→ MATERIALS PROVIDED

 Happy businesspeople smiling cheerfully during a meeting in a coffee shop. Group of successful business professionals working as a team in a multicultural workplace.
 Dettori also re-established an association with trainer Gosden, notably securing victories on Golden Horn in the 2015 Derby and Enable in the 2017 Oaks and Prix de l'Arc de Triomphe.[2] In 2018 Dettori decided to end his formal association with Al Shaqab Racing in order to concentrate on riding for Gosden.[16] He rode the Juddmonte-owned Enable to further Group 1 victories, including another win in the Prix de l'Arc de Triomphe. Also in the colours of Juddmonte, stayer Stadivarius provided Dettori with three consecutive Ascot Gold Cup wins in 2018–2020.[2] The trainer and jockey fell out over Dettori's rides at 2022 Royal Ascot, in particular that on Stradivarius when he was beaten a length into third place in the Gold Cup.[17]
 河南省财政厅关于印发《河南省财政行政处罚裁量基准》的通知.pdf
* * *
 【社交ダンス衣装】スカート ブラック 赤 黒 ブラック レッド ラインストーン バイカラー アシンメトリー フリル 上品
--
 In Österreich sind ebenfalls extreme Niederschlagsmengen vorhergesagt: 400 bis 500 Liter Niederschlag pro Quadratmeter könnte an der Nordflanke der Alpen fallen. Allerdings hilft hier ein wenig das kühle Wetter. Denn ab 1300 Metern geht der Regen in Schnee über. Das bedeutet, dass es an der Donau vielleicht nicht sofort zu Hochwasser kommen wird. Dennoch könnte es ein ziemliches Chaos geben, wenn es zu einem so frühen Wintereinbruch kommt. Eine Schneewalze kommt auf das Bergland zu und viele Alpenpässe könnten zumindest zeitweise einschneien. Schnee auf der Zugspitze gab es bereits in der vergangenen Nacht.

→ WHAT THE TASK ASKS
Of all the entries above, retype exactly the lines from the line with "Dettori also re-established" to the line with "河南省财政厅关于印发《河南省财政行政处罚裁量基准》的通知.pdf", both included, and no others.

→ YOUR SOLUTION
 Dettori also re-established an association with trainer Gosden, notably securing victories on Golden Horn in the 2015 Derby and Enable in the 2017 Oaks and Prix de l'Arc de Triomphe.[2] In 2018 Dettori decided to end his formal association with Al Shaqab Racing in order to concentrate on riding for Gosden.[16] He rode the Juddmonte-owned Enable to further Group 1 victories, including another win in the Prix de l'Arc de Triomphe. Also in the colours of Juddmonte, stayer Stadivarius provided Dettori with three consecutive Ascot Gold Cup wins in 2018–2020.[2] The trainer and jockey fell out over Dettori's rides at 2022 Royal Ascot, in particular that on Stradivarius when he was beaten a length into third place in the Gold Cup.[17]
 河南省财政厅关于印发《河南省财政行政处罚裁量基准》的通知.pdf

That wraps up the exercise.